On the whole, it was a very positive experience, and one I’ll be repeating six or seven times during the course of the class, but ouch—if I could only get over my pathological shyness and actually not take the constructive criticism to heart. It hurts. Like a band-aid that comes off too early. Ouch.

Jarhead

I bit off more than I can chew this weekend. I’m so tired and achy tonight that I’m glad I’m finally home and can put on my pajamas. I’m actually all shook up, and not in a good way. First off, I went and had brunch with some friends, which was nice, and not too stressful. Then, I worked for a while on my book for Sterling. Then, Wing and Glark picked me up and we went to see Jarhead.

Welcome to the suck, indeed. Despite a solid cast with excellent performances by just about every young man there, despite some innovative and interesting direction, despite a story that’s actually kind of timely, despite all this the movie’s still terribly mediocre. Nothing happens. Now, I know that’s sort of the point, all the build up, hundreds of thousands of troops in the Gulf, and then a war that only lasts for 4 days, but still, something should have happened.

Instead, we get a sort of stream of consciousness film that plays more like it should be on stage than anything else. And it got me thinking, about how it’s Remembrance Day next week, about how war has changed so much in my lifetime that even the glorification of it has been deconstructed to the point where it’s hard to see the ins and outs of obvious right and wrong. Sam Mendes had a chance to make a statement with the film. He didn’t take that chance. He played it real safe, sort of flew under the radar so much that the movie isn’t about war; it’s not about the oil; hell, it’s not even about the soldiers&#151it’s a coming of age story wrapped in the context of war that works as an allegory for Swofford’s (Gyllenhaal’s) broken soul. And you know, what’s even worse is that the film isn’t bad, it’s just seriously mediocre.

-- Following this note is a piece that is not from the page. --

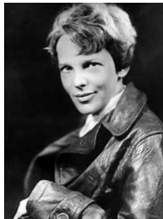
Amelia Earhart 1897—1937 Flew across the Atlantic Ocean
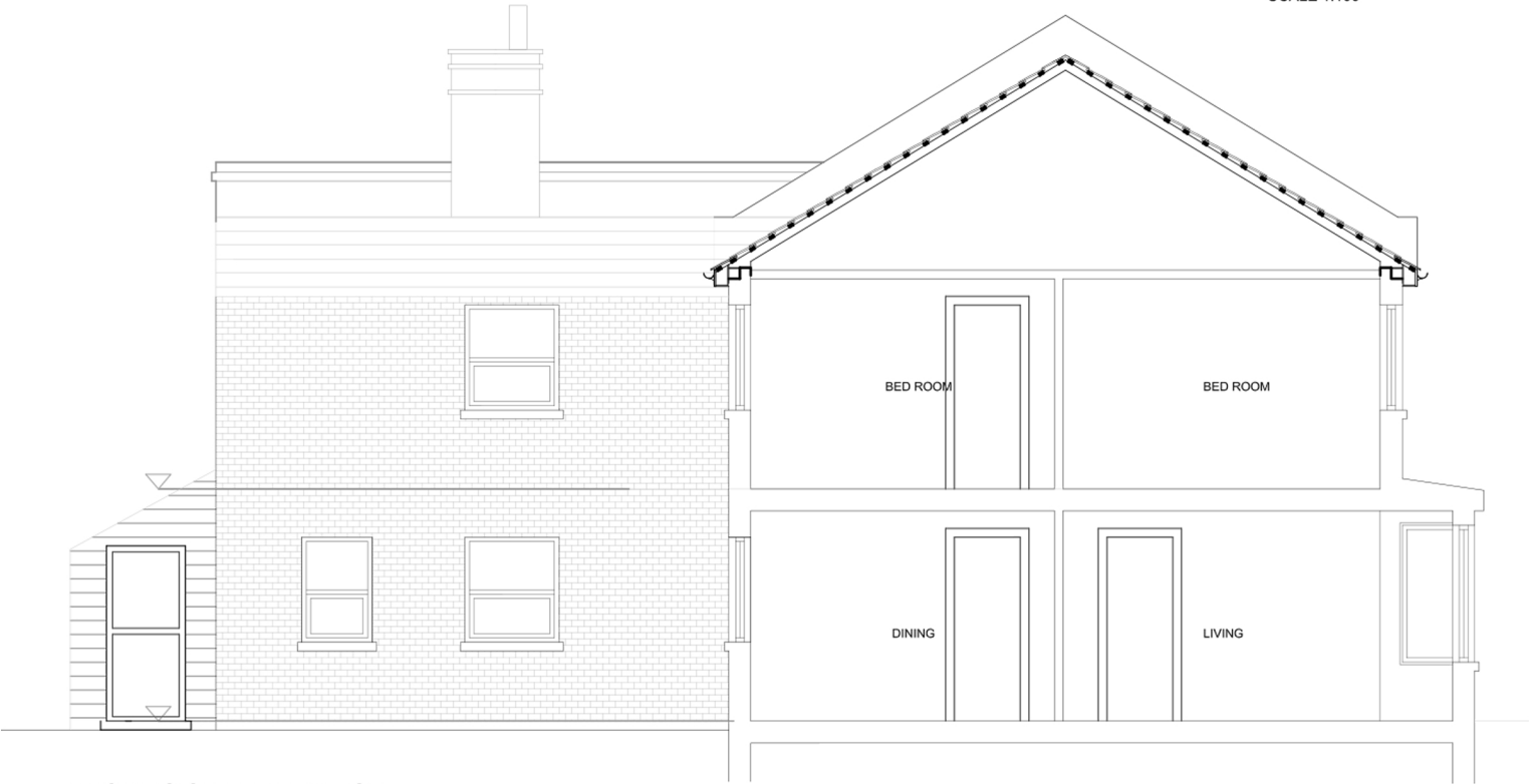
EXISTING SIDE ELEVATION SCALE 1:50

I guess that’s why I’m disappointed. There are boys, Canadian boys, American boys, over there now dying senseless deaths, and Mendes filled up his film with a hell of a lot of quasi gay porn and bombastic male posturing. Perhaps that’s what it was really like, but then that makes what’s happening today even more futile. And with the current war in Iraq turning out to be more like Vietnam than even Bush himself gathered it could, I’m disappointed that in this day and age of media cynicism, the likes of Michael Moore, and the big Hollywood machine, that Mendes didn’t stand up and shout at the top of his lungs with this film. Who knows? Maybe he did and I just missed the point. Oorah, indeed.

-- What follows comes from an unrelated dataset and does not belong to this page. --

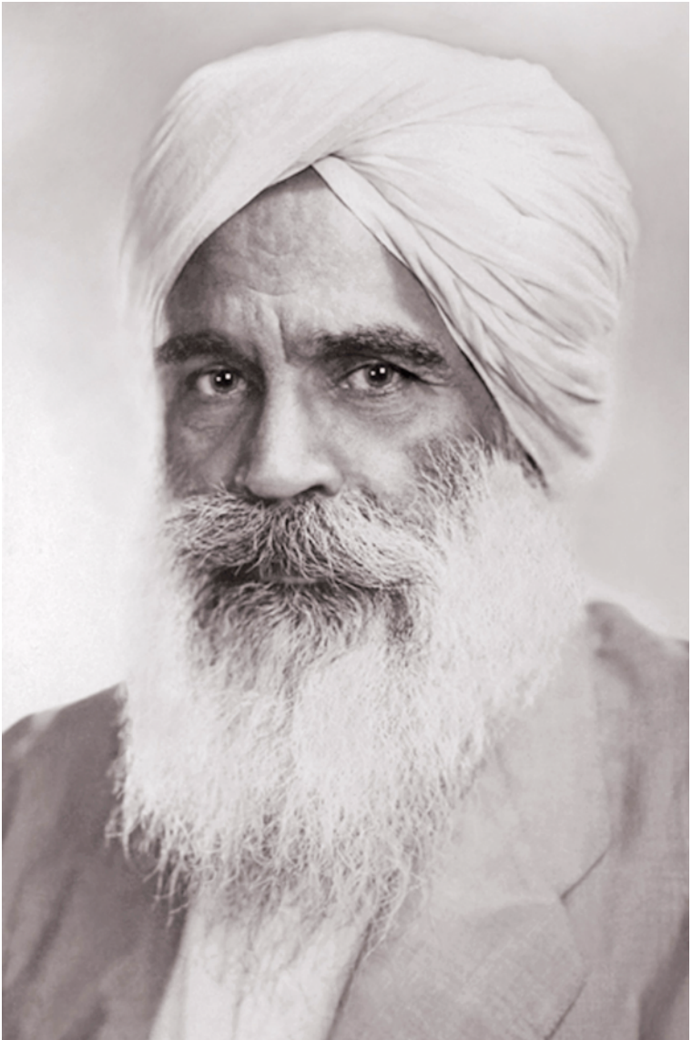
Sant Kirpal Singh Ji (1894-1974)

Now I’m overtired and feeling really quite ill. I wanted to get more done on my book, but it’ll have to wait until tomorrow. There’s always tomorrow.

Spare Cash?

Somehow I don’t think that this was what the Barenaked Ladies had in mind when they listed off all the things they could and/or would do if they had a million dollars.

The next step in this utterly ridiculous “joke” is to then film a reality television show that exhibits all the crackpots who actually take him up on the offer. Oh. Wait. Maybe he’s making a movie out of it all instead.

But it’s all art for art’s sake, isn’t it? And in that sense, the ridiculous becomes the sublime because to have it any other way would mean the entire system would collapse.